RESEARCH TRIANGLE PARK, N.C. – The plan to shift some of its drug manufacturing work from Cambridge, Mass. to a North Carolina facility, will significantly increase the output at the site, but is not likely to result in a hiring increase, the Triangle Business Journal reported this morning.

A Biogen spokesperson told the Journal the 1,300 workers at the RTP site are capable of handling the increased manufacturing load due, in large part, to increases in manufacturing efficiencies the company has been undertaking.

“We have significantly improved the manufacturing productivity at our facilities over the past several years, enabling us to develop increased quantities of biologics with greater efficiency,” Jason Glashow, Biogen’s senior director of corporate communications, told the Journal in an email.

Last week, Biogen announced it planned to shut down a manufacturing site in Massachusetts as part of a manufacturing consolidation effort. The plant is used to manufacture multiple sclerosis and hemophilia drugs.

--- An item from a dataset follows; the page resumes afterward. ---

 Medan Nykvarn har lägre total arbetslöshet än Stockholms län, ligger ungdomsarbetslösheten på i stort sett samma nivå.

In May, the U.S. Food and Drug Administration approved the MS drug, Zinbryta, co-developed with Illinois-based AbbVie . Zinbryta was approved for the treatment of relapsing forms of multiple sclerosis. However, the drug comes with a boxed warning, the most serious warning label provided by the regulatory agency. The FDA recommends the drug be prescribed to patients who have had an “inadequate response to two or more MS drugs” due to safety concerns.

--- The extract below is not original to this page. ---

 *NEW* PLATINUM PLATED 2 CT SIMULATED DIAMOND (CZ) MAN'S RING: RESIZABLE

Although Zinbryta was approved, albeit with the warning label, Biogen also has seen several experimental MS treatments fail, including the recent Phase II multiple-sclerosis drug that failed to meet clinical trial endpoints, causing the company’s stock to tailspin, dropping more than $30 per share in one day—a one-day market value loss of about $8 billion. The company’s opicinumab (anti-LINGO-1), an investigational, fully human monoclonal antibody, was a product that Biogen hoped would actually repair the nerve damage due to multiple sclerosis. However, the Phase II SYNERGY study failed to hit the primary endpoint, a complex measure that evaluated improvement of physical function, cognitive function, and disability. The drug also failed to meet a secondary efficacy endpoint, looking at the slowing of disability of progression.

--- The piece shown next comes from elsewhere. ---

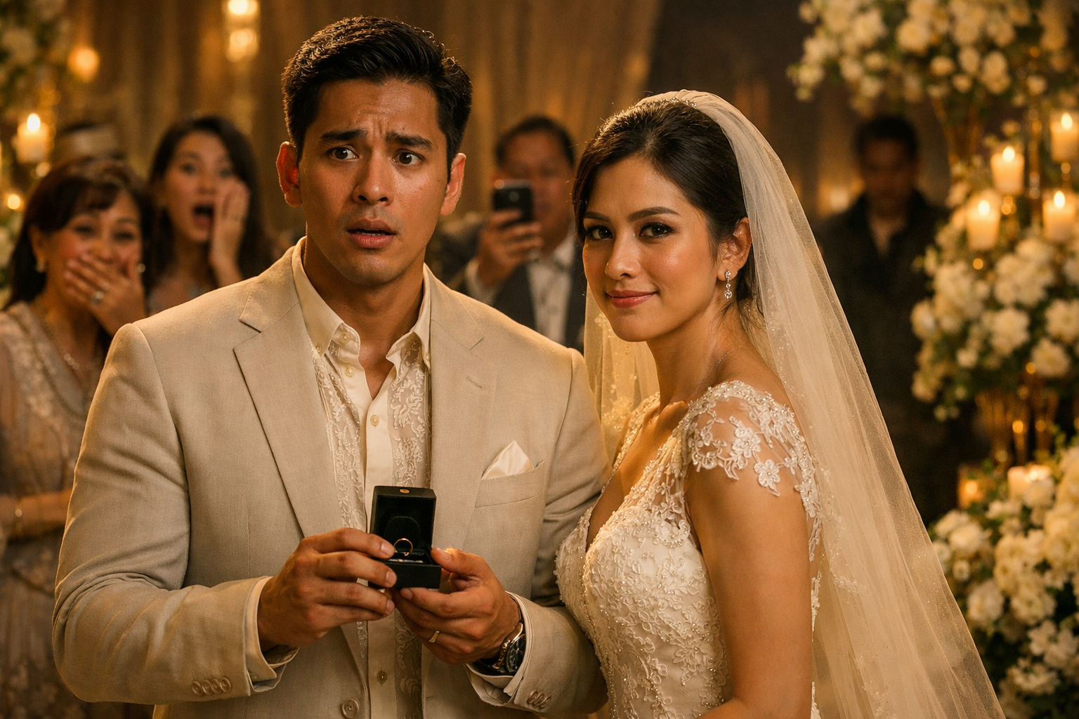 Sa mismong sandaling bumukas ang maliit na kahon ng singsing sa ilalim ng gintong liwanag ng mga kandila, doon nagsimulang lumamig ang palad ni Marco—kahit mainit ang hangin sa loob ng bulwagan. Naka-beige siyang suit, maayos ang tikas, pero ang mukha niya… parang biglang naubusan ng hangin. Nakataas ang kilay, nakabukas ang bibig, at sa mata niyang nanginginig, may tanong na hindi niya masabi. Sa tabi niya, si Liana—nakasuot ng puting gown na may detalye ng bulaklak sa manggas, may belo na dumadaloy sa balikat, at may ngiting parang alam na ang mangyayari—nakaharap sa mga bisita na tila nanonood ng isang eksenang hindi nakasulat sa programa.

Biogen is looking to sublease the 66,000 square-foot site in Cambridge, which will put the fate of the 285 employees at the facility up in the air. Initially there was talk that some of those employees would be shifted to the North Carolina site, but that may have changed as the company examined the workload. The Cambridge plant being shut down currently makes the MS drugs Avonex and Plegridy, as well as the hemophilia A treatment Eloctate. The North Carolina site has a larger manufacturing capability that would allow Biogen to manufacture drugs for both commercial use as well as clinical trials.

Biogen said the streamlining of its manufacturing facilities is about increasing efficiency. Part of the increased efficiency for Biogen includes the plans to spin off its hemophilia business as an independent company. The as-of-yet unnamed company will be anchored by its two lead products, Eloctate and Alprolix, which is used for the treatment of hemophilia B.